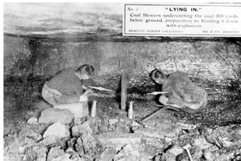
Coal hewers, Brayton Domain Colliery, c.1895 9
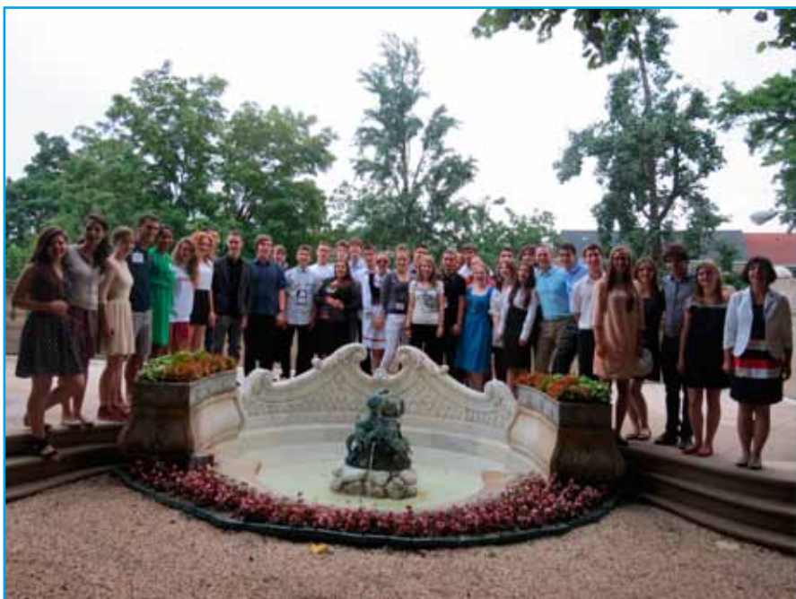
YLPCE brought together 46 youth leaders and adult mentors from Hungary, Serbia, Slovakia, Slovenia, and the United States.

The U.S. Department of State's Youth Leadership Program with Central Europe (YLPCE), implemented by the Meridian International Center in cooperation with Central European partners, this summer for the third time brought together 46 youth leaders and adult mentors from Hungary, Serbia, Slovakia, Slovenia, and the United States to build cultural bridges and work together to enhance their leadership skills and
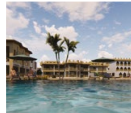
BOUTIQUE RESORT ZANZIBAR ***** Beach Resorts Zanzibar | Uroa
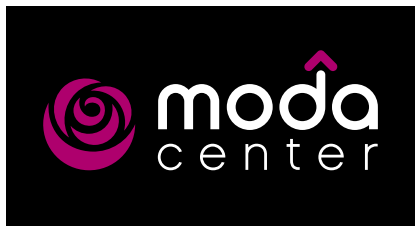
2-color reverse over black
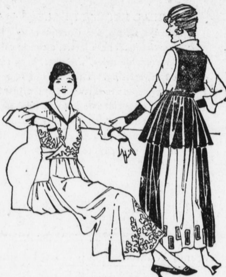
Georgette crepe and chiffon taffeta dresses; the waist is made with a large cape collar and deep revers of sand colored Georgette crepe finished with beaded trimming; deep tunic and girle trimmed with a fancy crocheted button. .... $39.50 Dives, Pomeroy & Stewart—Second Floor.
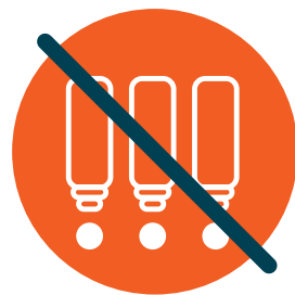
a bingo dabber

▶ **AIM OF THE EXERCISE**:
Restate all entries exactly; pictures stay out.

▶ **RESULT FOR THIS EXERCISE**:
Coal hewers, Brayton Domain Colliery, c.1895 9
YLPCE brought together 46 youth leaders and adult mentors from Hungary, Serbia, Slovakia, Slovenia, and the United States.

The U.S. Department of State's Youth Leadership Program with Central Europe (YLPCE), implemented by the Meridian International Center in cooperation with Central European partners, this summer for the third time brought together 46 youth leaders and adult mentors from Hungary, Serbia, Slovakia, Slovenia, and the United States to build cultural bridges and work together to enhance their leadership skills and
BOUTIQUE RESORT ZANZIBAR ***** Beach Resorts Zanzibar | Uroa
2-color reverse over black
Georgette crepe and chiffon taffeta dresses; the waist is made with a large cape collar and deep revers of sand colored Georgette crepe finished with beaded trimming; deep tunic and girle trimmed with a fancy crocheted button. .... $39.50 Dives, Pomeroy & Stewart—Second Floor.
a bingo dabber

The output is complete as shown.